### Record excerpts

++++

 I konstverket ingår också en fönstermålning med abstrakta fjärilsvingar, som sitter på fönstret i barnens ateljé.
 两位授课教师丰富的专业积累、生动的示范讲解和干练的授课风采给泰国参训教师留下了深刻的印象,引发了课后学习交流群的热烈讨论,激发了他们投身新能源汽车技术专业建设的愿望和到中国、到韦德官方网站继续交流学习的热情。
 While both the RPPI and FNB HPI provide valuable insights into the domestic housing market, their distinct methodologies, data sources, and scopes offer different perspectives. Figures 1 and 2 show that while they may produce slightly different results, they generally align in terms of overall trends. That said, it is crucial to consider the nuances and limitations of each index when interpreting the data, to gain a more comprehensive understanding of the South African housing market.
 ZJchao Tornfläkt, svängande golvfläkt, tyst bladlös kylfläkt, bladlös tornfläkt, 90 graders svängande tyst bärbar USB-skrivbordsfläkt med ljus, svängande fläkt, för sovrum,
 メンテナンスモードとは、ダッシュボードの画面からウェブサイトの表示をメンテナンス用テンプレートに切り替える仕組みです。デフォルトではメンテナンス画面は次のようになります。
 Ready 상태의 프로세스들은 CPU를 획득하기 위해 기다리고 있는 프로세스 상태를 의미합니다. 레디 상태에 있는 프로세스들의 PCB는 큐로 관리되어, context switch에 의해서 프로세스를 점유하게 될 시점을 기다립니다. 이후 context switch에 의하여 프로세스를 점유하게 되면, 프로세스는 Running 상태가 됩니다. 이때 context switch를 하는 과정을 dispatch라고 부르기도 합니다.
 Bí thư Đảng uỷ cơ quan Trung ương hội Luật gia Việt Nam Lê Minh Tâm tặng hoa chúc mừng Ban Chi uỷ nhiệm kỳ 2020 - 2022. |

++++

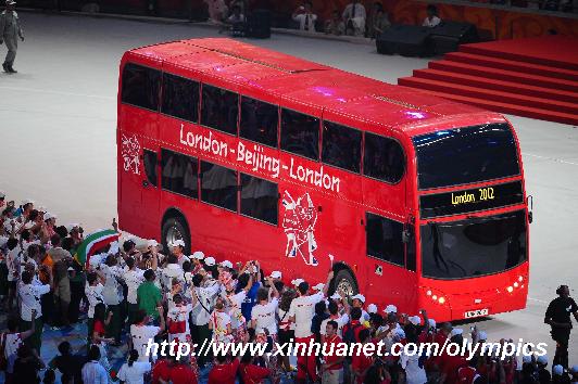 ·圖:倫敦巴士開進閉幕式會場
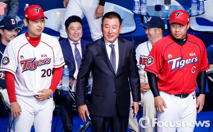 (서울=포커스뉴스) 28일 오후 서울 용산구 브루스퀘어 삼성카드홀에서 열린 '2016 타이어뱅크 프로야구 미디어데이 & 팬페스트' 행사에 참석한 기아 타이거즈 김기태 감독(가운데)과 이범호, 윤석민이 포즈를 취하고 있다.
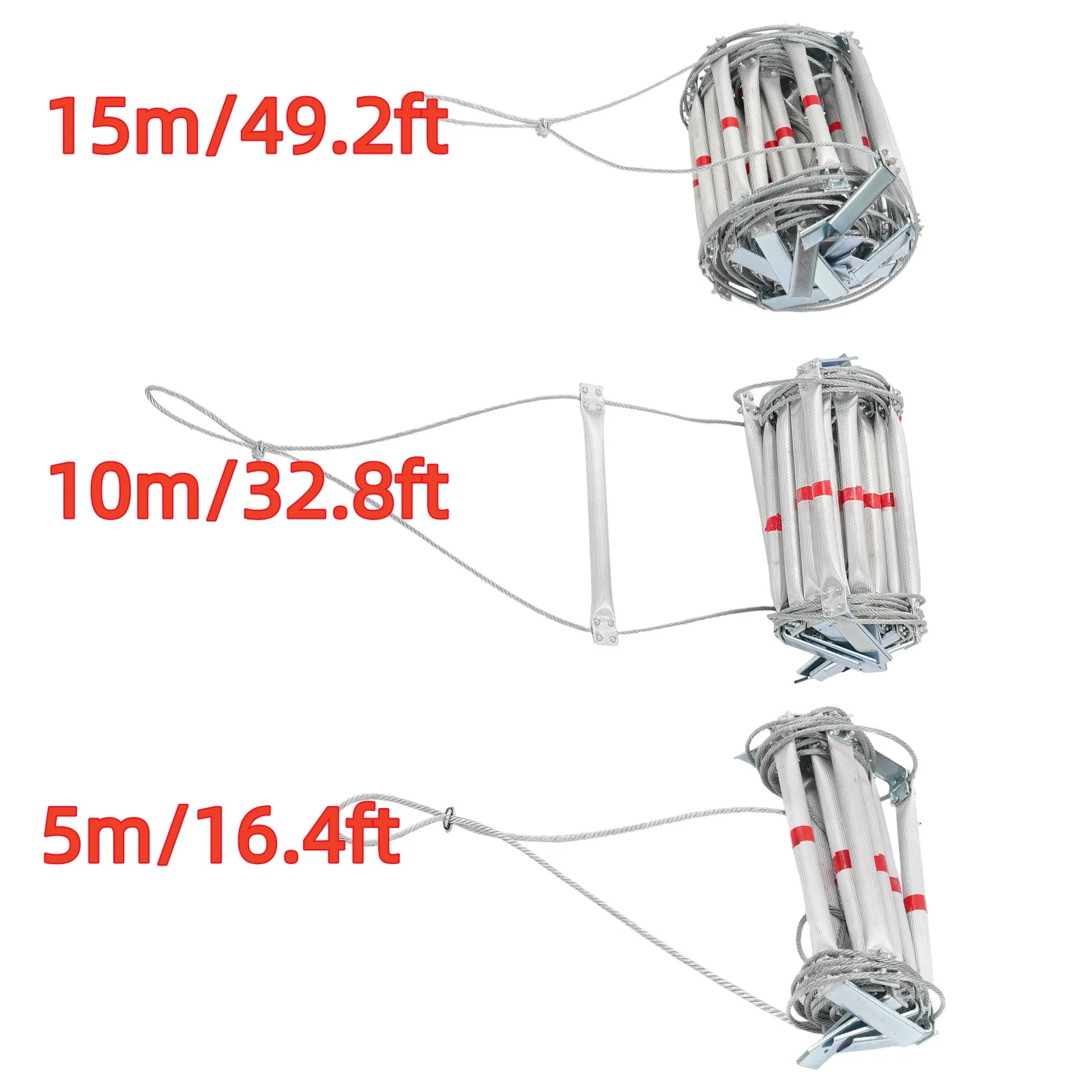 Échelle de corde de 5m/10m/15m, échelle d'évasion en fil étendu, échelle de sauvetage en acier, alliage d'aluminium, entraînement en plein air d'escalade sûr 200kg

++++

### Task prompt
From the records above, repeat exactly the lines from the one with "I konstverket ingår" through the one with "两位授课教师丰富的专业积累、", both included.

### Solution to this problem
 I konstverket ingår också en fönstermålning med abstrakta fjärilsvingar, som sitter på fönstret i barnens ateljé.
 两位授课教师丰富的专业积累、生动的示范讲解和干练的授课风采给泰国参训教师留下了深刻的印象,引发了课后学习交流群的热烈讨论,激发了他们投身新能源汽车技术专业建设的愿望和到中国、到韦德官方网站继续交流学习的热情。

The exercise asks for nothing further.